I take representing Pakistan very seriously: Iram Parveen Bilal
It was a patriotic moment for us all when filmmaker Iram Parveen Bilal made history last week as the first director of a feature film from the South Asia nation to be invited to the prestigious Cannes Film Festival.
Iram gave words of support to other aspiring Pakistanis, wishing to “keep the hope alive” for local filmmakers wanting to make their mark at international cinema events, Arab News reported.
Last year, Bin Roye star Mahira Khan made her debut at Cannes. Before her, the only other Pakistani artist to attend the festival was Adnan Siddiqui who took the film A Mighty Heart to the event in 2008 with Brad Pitt and Angelina Jolie.
Now, Iram has made it to the festival as part of the prestigious Cinefondation L’Atelier program that picks 15 directors with “particularly promising projects” for a seven-day intensive fast track finance program. The program has a 93 percent financing and distribution success rate.
Asked what it felt like to attend the glamorous Cannes festival, the director said, “It is surreal, it is the world’s biggest stage for cinema.”

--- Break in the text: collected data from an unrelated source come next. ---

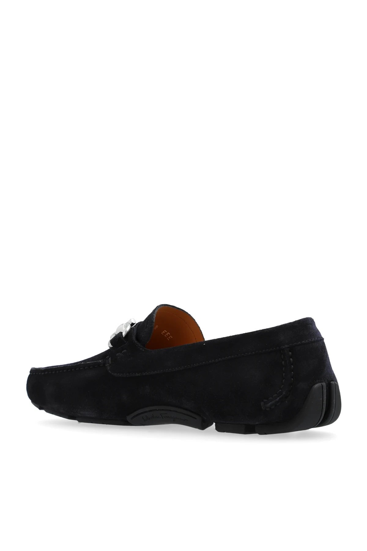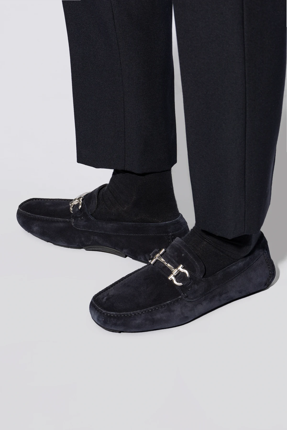 Introducing the ‘Parigi’ Leather Loafers, a quintessential expression of luxury from the exclusive FERRAGAMO collection. Crafted with meticulous attention to detail, these loafers are the epitome of classic elegance infused with modern sensibilities. The dominant navy hue, combined with the supple texture of suede leather, encapsulates a look of understated sophistication. The distinctive metal bit ornament, reminiscent of the iconic "bit loafers," graces the upper, adding a touch of timeless allure. The interior reveals a contrasting light brown leather lining, suggesting not only a high caliber of craftsmanship but also a commitment to comfort. Meticulous stitching and fine finishing underscore the quality inherent in every aspect of these shoes. The flat rubber sole ensures durability and practicality, making the ‘Parigi’ loafers versatile enough to complement both formal and casual ensembles. With an extra-wide insole, these loafers promise an unparalleled fit and day-long comfort, making them a perfect choice for the discerning gentleman seeking both style and substance. Why Purchase This Product? Elegant design with a contemporary twist, perfect for various occasions. Luxurious suede leather construction with a sleek metal bit accent. Exceptional craftsmanship, indicative of the FERRAGAMO legacy. Versatile styling potential, from formal wear to casual looks. Enhanced comfort with an extra-wide insole for extended wearability.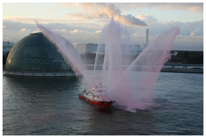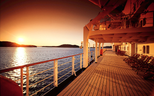 Even though the weather was cold, I opted to take the promenade deck to get to the ‘mid-ship’ elevator. I was delighted and surprised to see an unusual sunrise. The sun was glowing red behind a layer of clouds. I snapped a few pictures but they did not capture the unusual beauty I saw. Interestingly, I had an extended period of time to appreciate the sunset last evening. Mary and I opted to go, for the second time, on a giant Ferris wheel which is located right next to the pier where we were docked in Osaka, Japan. We had enjoyed the 360 degree view during the day and wanted to see how Osaka might light up at night.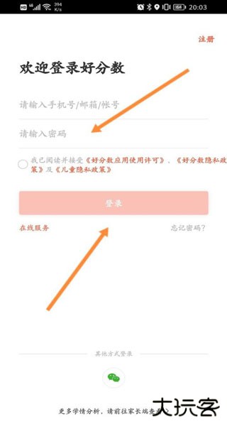 1、打开好分数app,输入手机号与密码,点击登录。
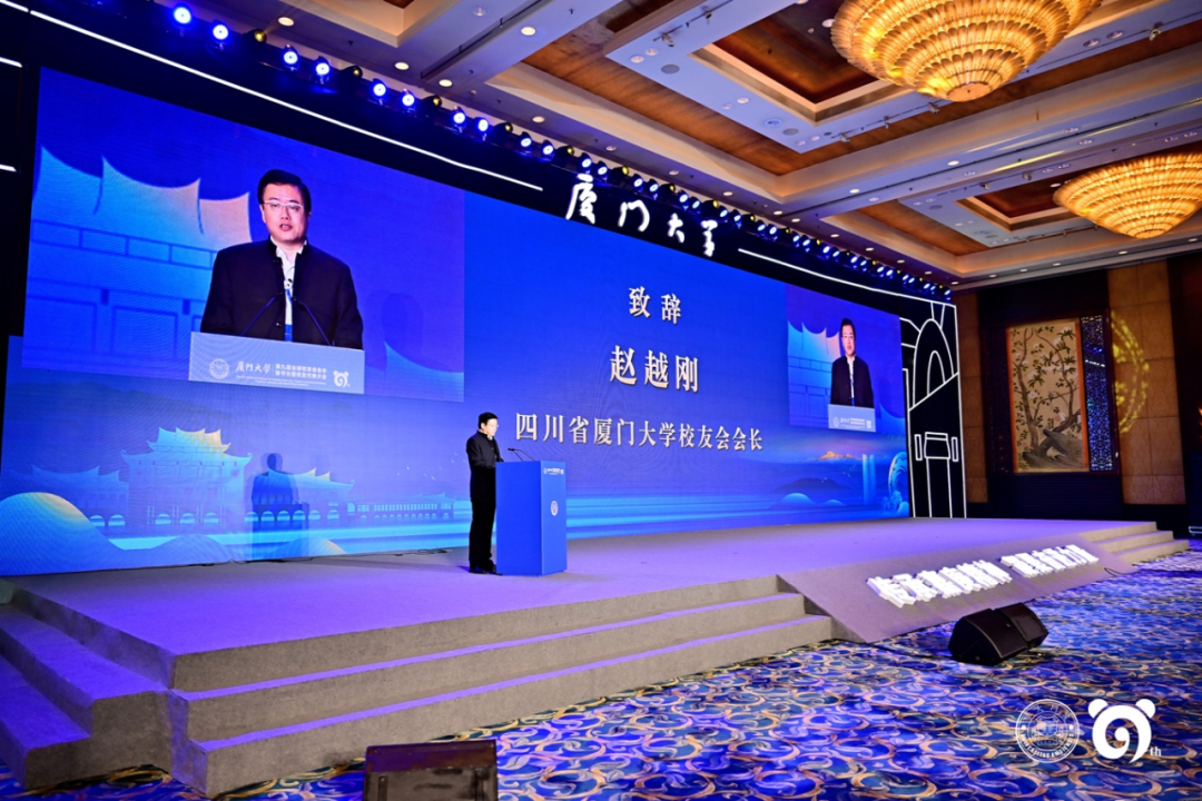 四川省厦门大学校友会会长赵越刚热烈欢迎嘉宾、校友共赴盛会,并介绍四川校友会发展历程和本届大会筹备情况,感谢母校、各地校友会和社会各界对本次大会的关心与支持。他表示,四川省厦门大学校友会将继承和发扬嘉庚精神,凝聚厦大人智慧、优势和影响力,为母校教育事业发展、为四川社会经济建设作贡献,续写厦门大学与四川的校地新情缘。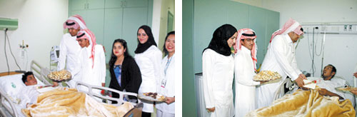 وفي هذا الصدد قام المدير المناوب الأستاذ فيصل بن عميرة وعدد من الأطباء والطبيبات بجولات معايدة صباح يوم أمس الأول على المرضى المنومين في غرفهم وقدم لهم الهدايا والحلويات بمناسبة العيد السعيد، وقد لقيت مبادرة مستشفى عبيد التي يتم تنظيمها سنوياً رضا واستحسان جميع المرضى.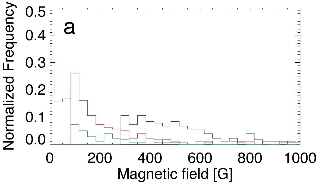 a) Histograms of the magnetic field strengths in pixels featuring weak opposite polarities. The colours red, green, blue refer to log (τ) = 0, − 0.9 and −2.3, respectively. b) Histograms of the LOS velocities in the same pixels. The colour code is identical.

“If you’re honest and rooted as an artist, the magic will come. That’s the magic we all strive to create,” she added.
Well known for touching on issues that affect society deeply, the award-winning directors project Wakhri is about an accidental social media star who learns the harsh cost of wearing masks in the real world.
“The film deals with themes like hypocrisy, trolling and the ultimate empowerment of self,” Iram explained.
Directing films for over 10 years, the accomplished filmmaker’s first feature flick Josh was the very first Pakistani film to land on streaming giant Netflix and is also part of the perpetual choice in the acclaimed US Library of Congress.
But film-making wasn’t always the path for Iram, who was an environmental sciences engineer and the first in her academic family from the scientific path into “the wild west of the entertainment industry.”
During Cannes, the director also spoke on a ‘Storytellers and the Creative Process’ panel where she got to engage with early career film makers and students and spoke about her approach to film making.
The festival, which is held on the French Riviera, has recently come under fire for its under-representation of women filmmakers and directors.
Iram tries to ignore these depressing statistics,“It is humbling and I hope my participation will open doors for many more to come from our country.”
The Pakistani director also says the country has so much film-making talent but little to no access.
“I take representing Pakistan very seriously. If we are as professional and committed as we can be, we keep the hope alive for others coming behind us as well.”